[Work required] Copy exactly the stretch of lines from the one holding "Customer Expectations Icon" through the last line of the data below, inclusive. Leave out pictures.

[Data below]
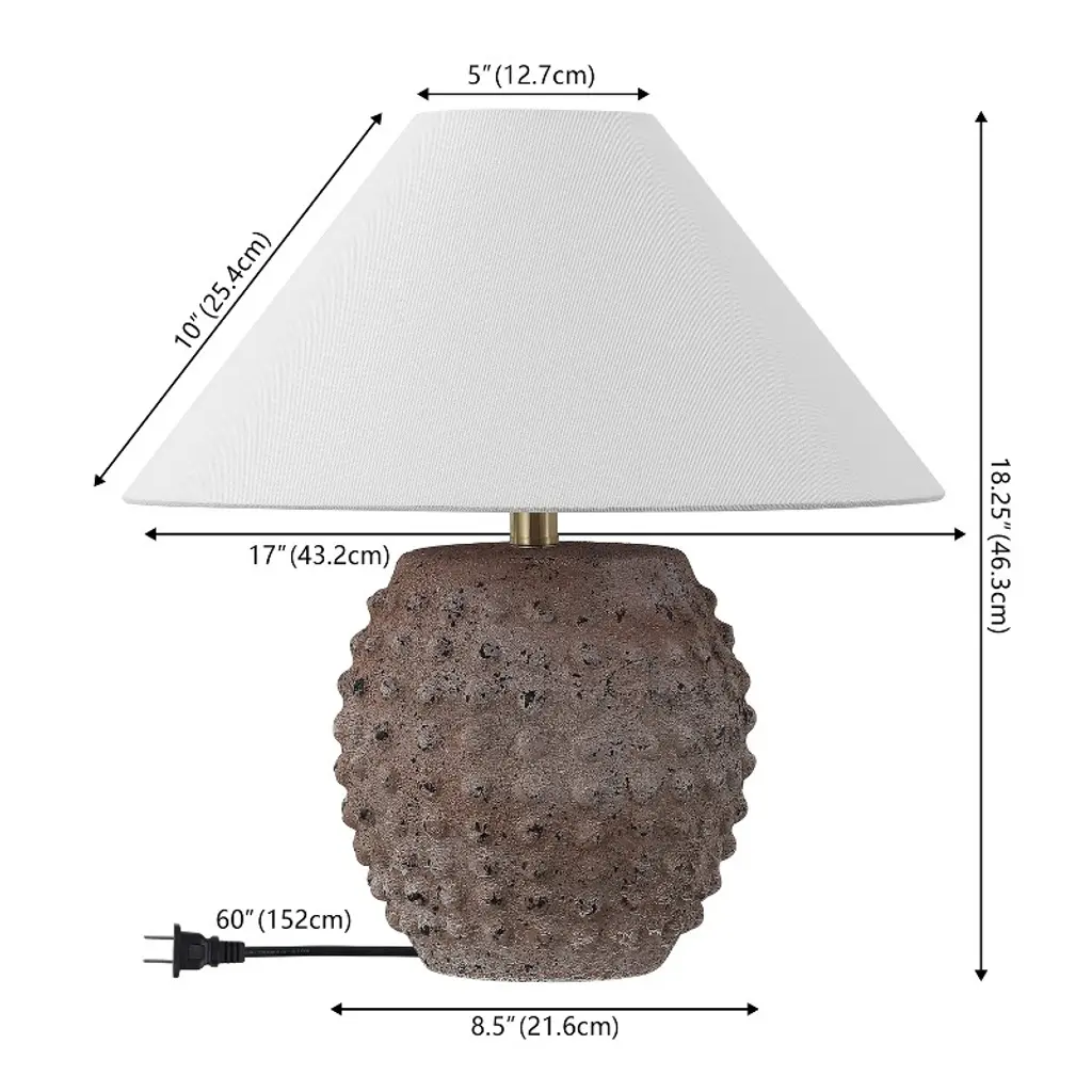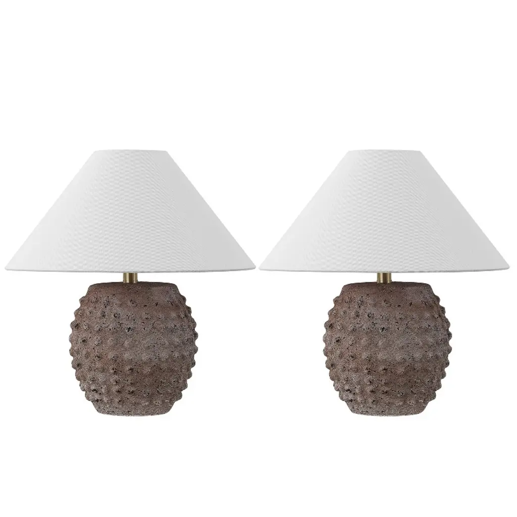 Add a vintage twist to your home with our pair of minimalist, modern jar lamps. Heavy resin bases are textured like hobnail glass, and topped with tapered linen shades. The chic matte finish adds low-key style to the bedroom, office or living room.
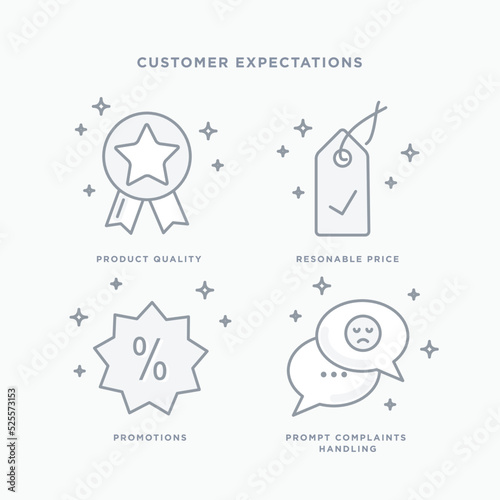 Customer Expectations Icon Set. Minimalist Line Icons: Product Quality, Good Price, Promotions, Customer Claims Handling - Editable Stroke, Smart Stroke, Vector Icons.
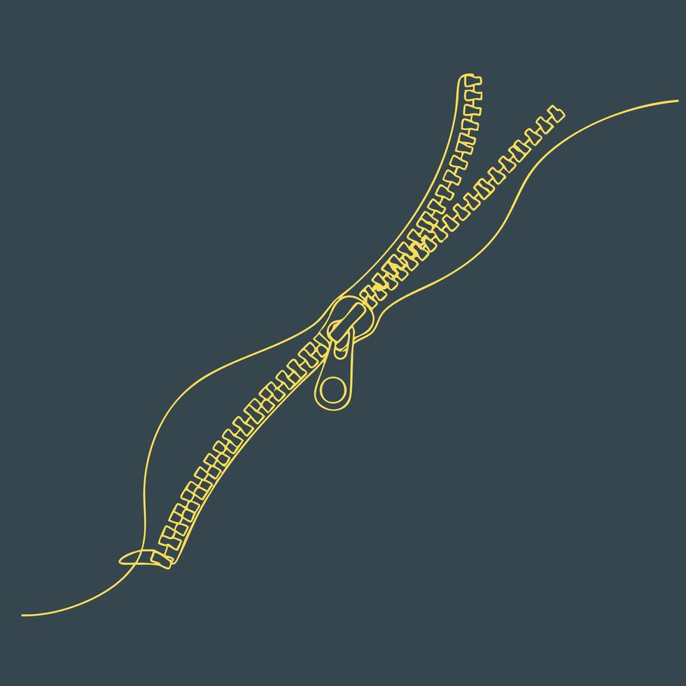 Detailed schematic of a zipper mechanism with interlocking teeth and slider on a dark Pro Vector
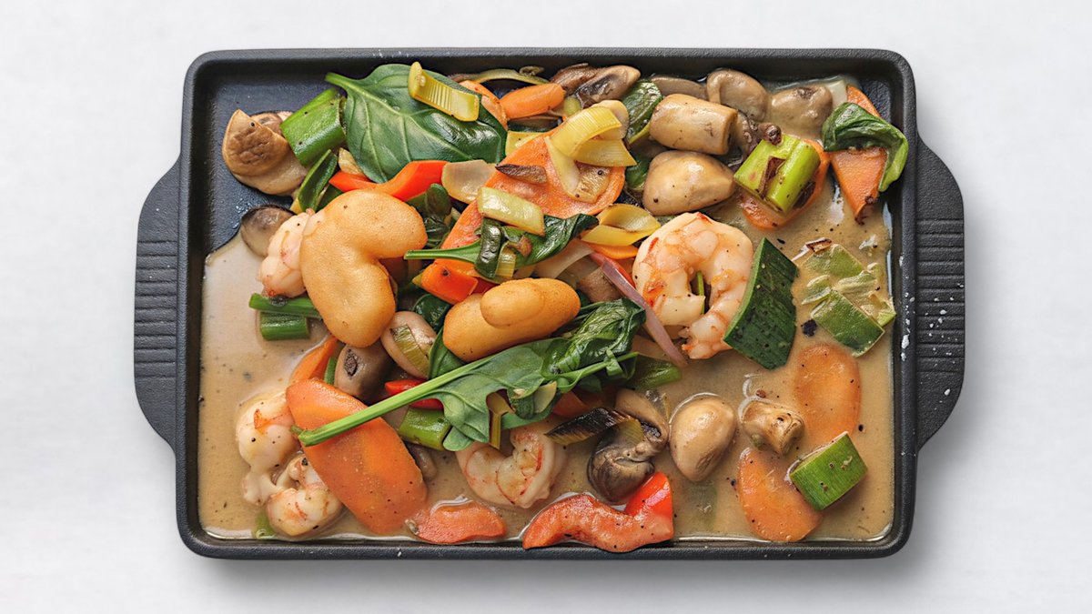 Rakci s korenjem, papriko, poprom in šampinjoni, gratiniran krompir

[Response below]
 Customer Expectations Icon Set. Minimalist Line Icons: Product Quality, Good Price, Promotions, Customer Claims Handling - Editable Stroke, Smart Stroke, Vector Icons.
 Detailed schematic of a zipper mechanism with interlocking teeth and slider on a dark Pro Vector
 Rakci s korenjem, papriko, poprom in šampinjoni, gratiniran krompir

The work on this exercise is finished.